+++ WORKING DATA +++

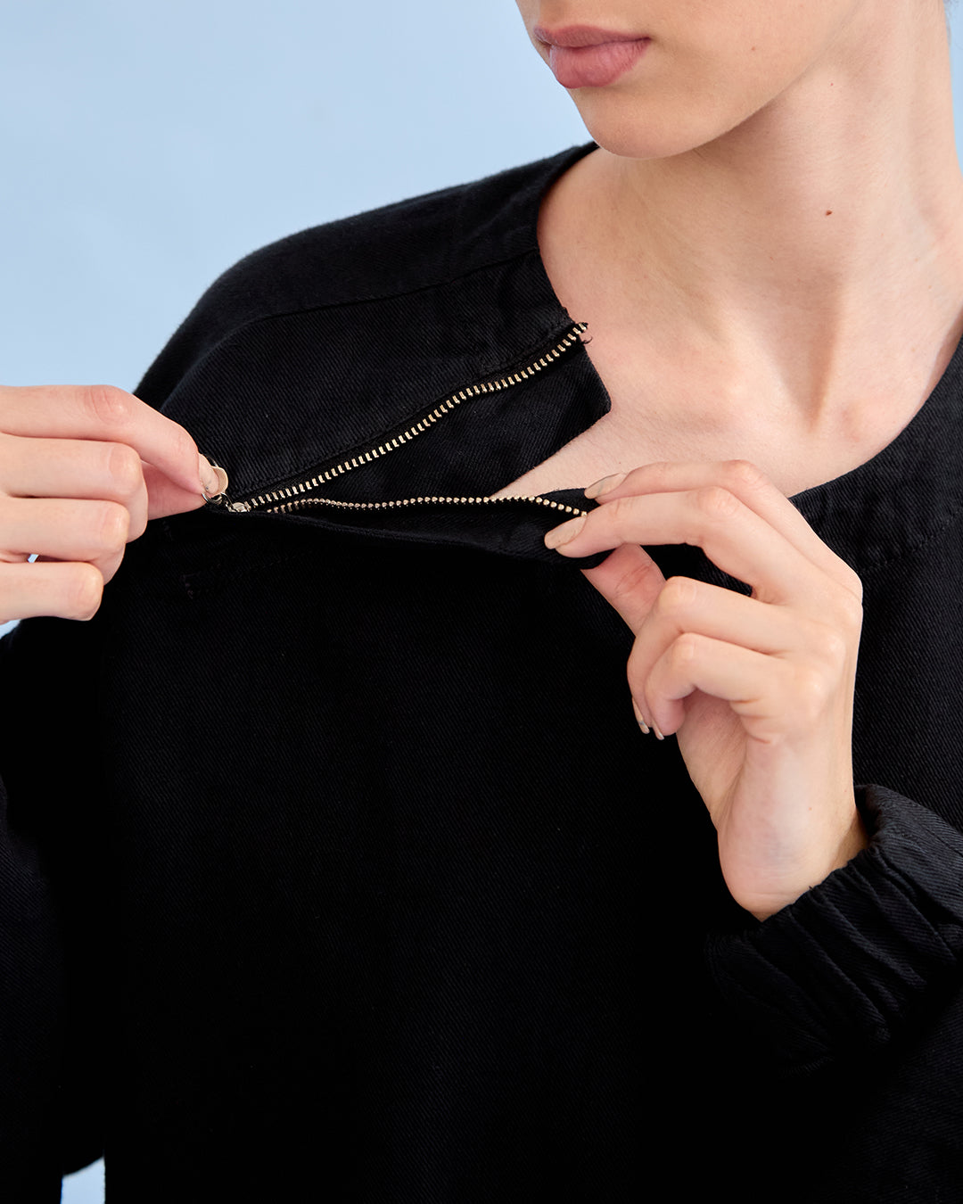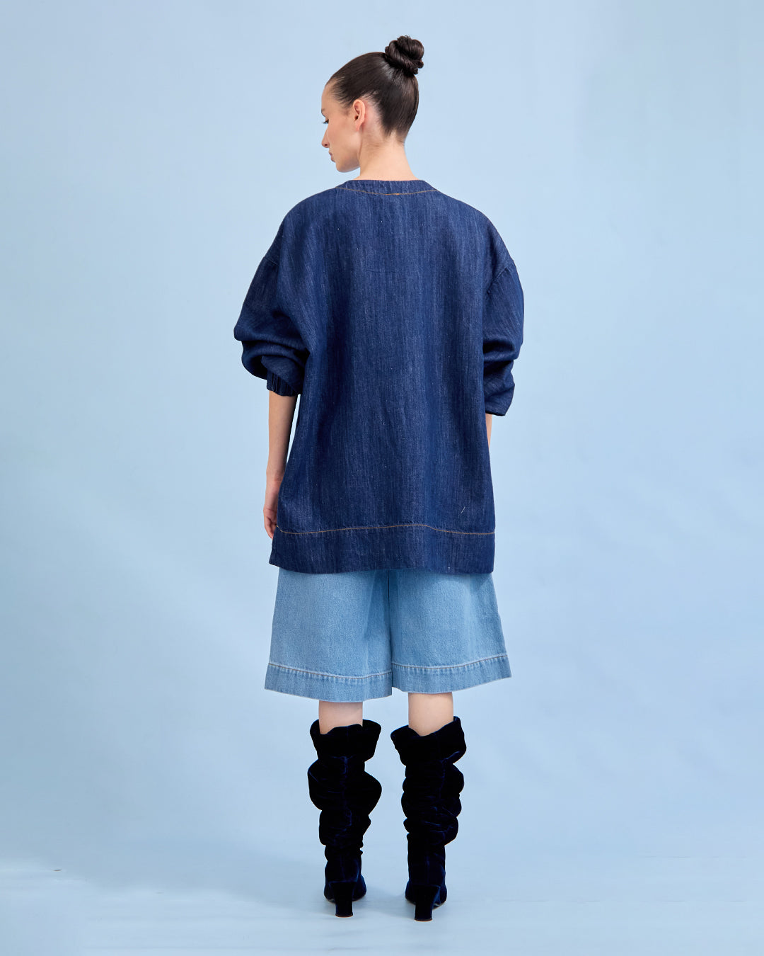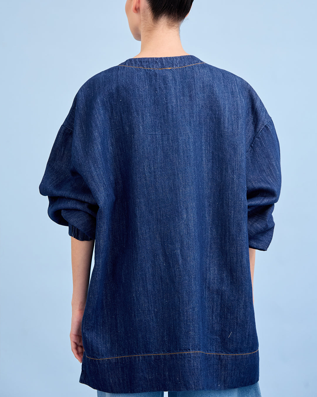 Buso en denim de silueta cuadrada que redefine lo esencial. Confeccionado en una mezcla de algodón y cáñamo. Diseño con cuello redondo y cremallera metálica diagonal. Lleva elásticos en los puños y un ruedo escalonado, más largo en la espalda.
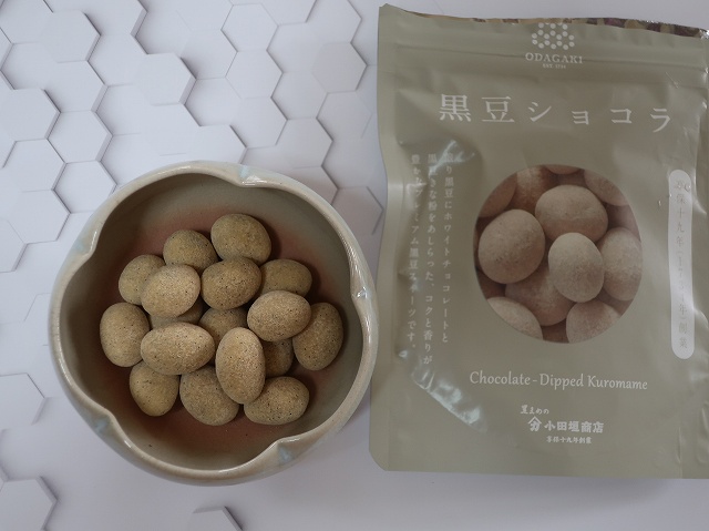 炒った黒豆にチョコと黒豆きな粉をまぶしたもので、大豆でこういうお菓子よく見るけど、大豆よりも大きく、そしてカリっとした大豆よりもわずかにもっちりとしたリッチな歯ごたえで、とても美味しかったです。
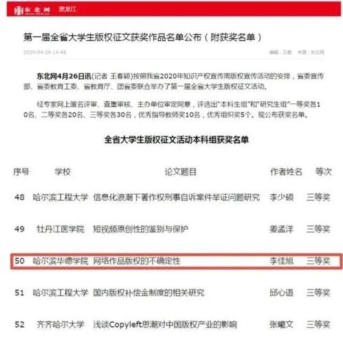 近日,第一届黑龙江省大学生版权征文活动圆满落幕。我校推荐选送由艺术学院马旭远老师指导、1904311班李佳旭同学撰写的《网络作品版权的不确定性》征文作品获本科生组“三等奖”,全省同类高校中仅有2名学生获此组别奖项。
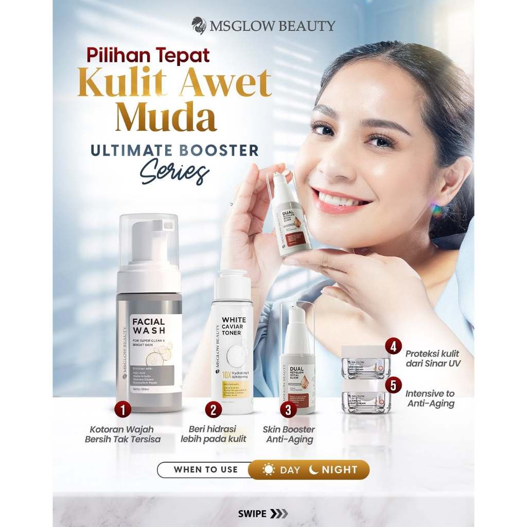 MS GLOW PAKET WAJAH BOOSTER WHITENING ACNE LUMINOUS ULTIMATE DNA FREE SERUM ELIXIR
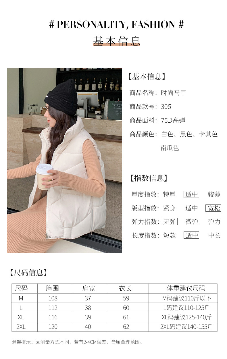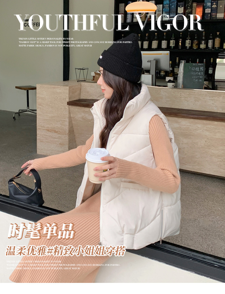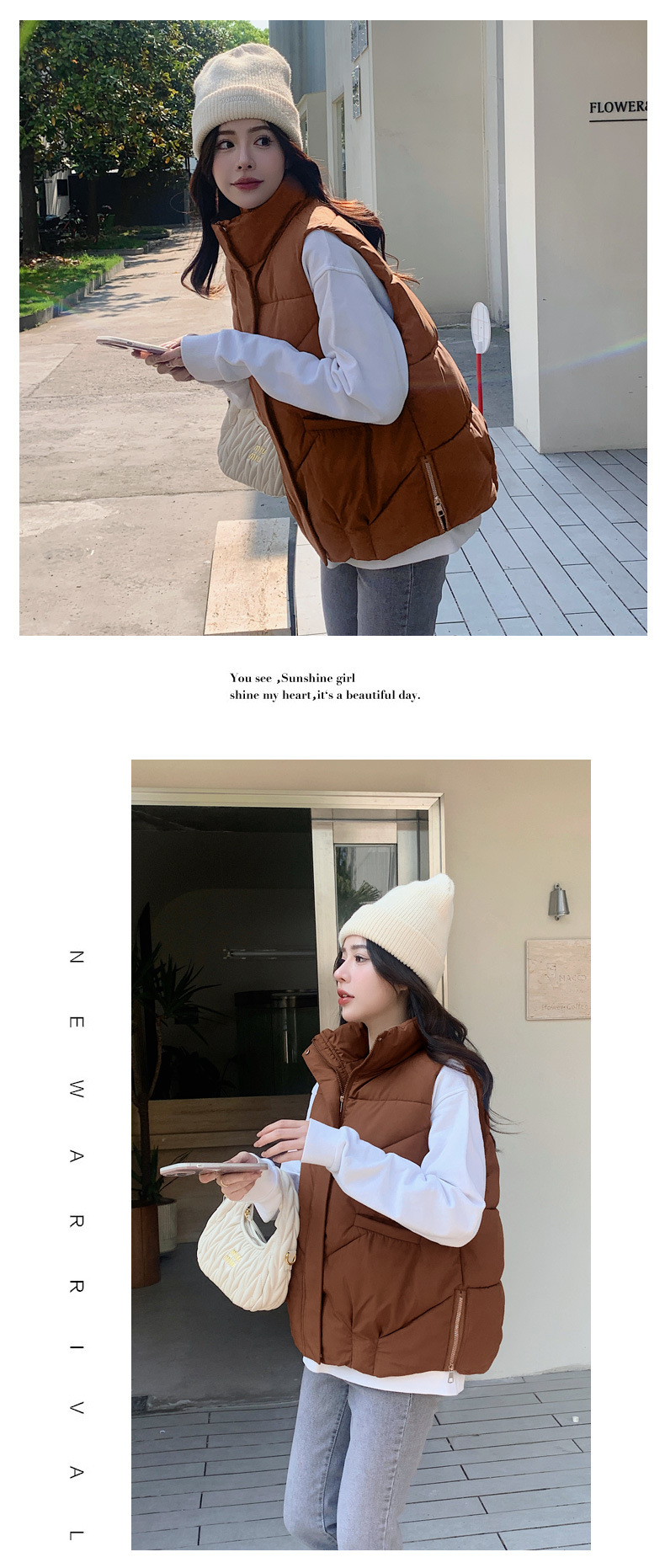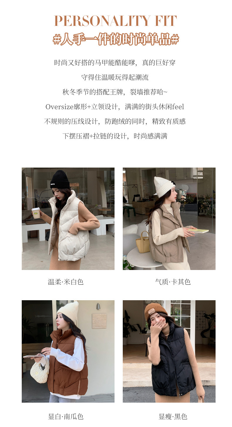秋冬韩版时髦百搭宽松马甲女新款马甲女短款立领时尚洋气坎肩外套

+++

● EXERCISE AIM
From the line containing "近日,第一届黑龙江省大学生版" down to the last line of the records above, repeat every line exactly and nothing else, dropping any pictures.

● YOUR RESPONSE
 近日,第一届黑龙江省大学生版权征文活动圆满落幕。我校推荐选送由艺术学院马旭远老师指导、1904311班李佳旭同学撰写的《网络作品版权的不确定性》征文作品获本科生组“三等奖”,全省同类高校中仅有2名学生获此组别奖项。
 MS GLOW PAKET WAJAH BOOSTER WHITENING ACNE LUMINOUS ULTIMATE DNA FREE SERUM ELIXIR
秋冬韩版时髦百搭宽松马甲女新款马甲女短款立领时尚洋气坎肩外套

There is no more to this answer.